5. Concluding Remarks

This work investigated the platelet interaction with the surface of the blood vessel. The idea of the study was to look at the behavior of a platelet under normal conditions, when it has not yet been activated. Since a platelet is primarily supposed to adhere to a surface when it is activated, there is a concern in this work to see if it tends to adhere even when it is not yet activated, when it is not necessary. Based on the initial data of well-known physical experiments describing the mechanical behavior of a platelet, a numerical study of the platelet dynamics during the interaction of a platelet with the surface of a blood vessel was carried out. The results of the study confirmed what was assumed before the study, that under normal conditions, in liquid, it is quite difficult for platelets to reach the surface of the blood vessel.

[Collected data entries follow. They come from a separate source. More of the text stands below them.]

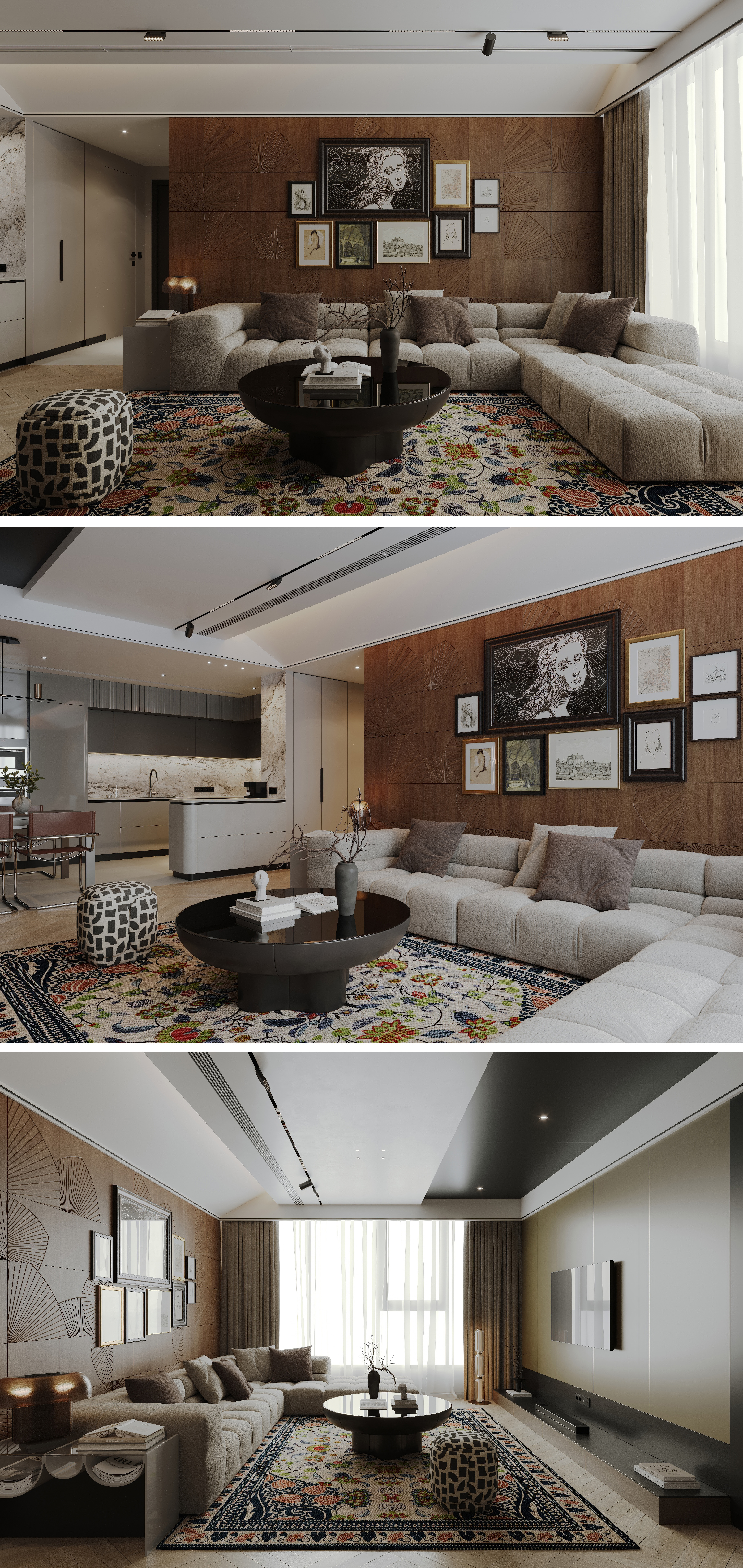 Дизайн+визуализация кухни- гостиной. 3ds max 2024 Corona 13 Всех с наступающим!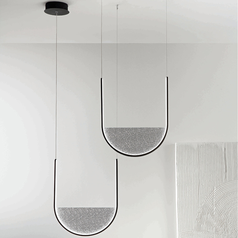 Pendel med dimbart LED-ljus i metall och glasinsats Tillverkad i Italien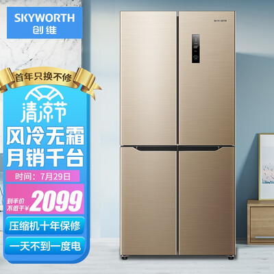 冰箱采用风能冷冻,变频压缩机智能效果超级好,运行的时候声音很小,也有智能显示板,外观质朴大气,2099买个四开门冰箱简直不能太划算,信价比超极高,值得购买!!!创维455升宝贝收到,特意使用了几天才来评价,空间很大,冷藏冷冻室都够大,物流很快,物流小哥也很好,冰箱很满意!外形外观:大小刚好制冷效果:非常不错 随意调节保鲜效果:水果蔬菜超保鲜容量大小:足够装满1个星期食材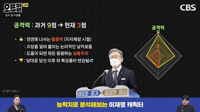 ◆ 김민하> 제가 볼 땐, 과거에 지자체장 할 때의 이재명, 민주당 대표로서의 이재명, 이 두 캐릭터는 좀 차이가 있어요. 예를 들어 공격력으로 치면, 과거 이재명 시장, 이재명 도지사 시절엔 거의 10점 만점에 9점이라고 할 수 있을 정도로 높습니다. 지자체장 시절의 이재명 대표는, 막 전면에 나서는 스타일이었어요. 계곡 노점 철거할 때 직접 나서서 설득하고, 코로나19 격리 시설도 직접 나서서 기숙사를 확보한다든지, 신천지를 찾아간다든지, 이렇게 해결하지 않았습니까? 그게 실질적 효력이 있든지 없든지 간에 그런 모습들을 보면 지지자들 입장에서는 대단하다는 느낌을 받게 되죠.

The fluid must be completely eliminated for this interaction (the process of sticking to the surface of the vessel) to occur. Although the result of the study revealed the behavior of a platelet under normal conditions (the blood vessel is not damaged and not pathological), the question remains how the platelet sticking process occurs/is realized by implementing a numerical experiment, taking into account the case of platelet activation. This will be the subject of further research. Finally, it can be said that the main task has been achieved: a theoretical model has been presented to study platelet dynamics by applying a numerical experiment using the discrete element method.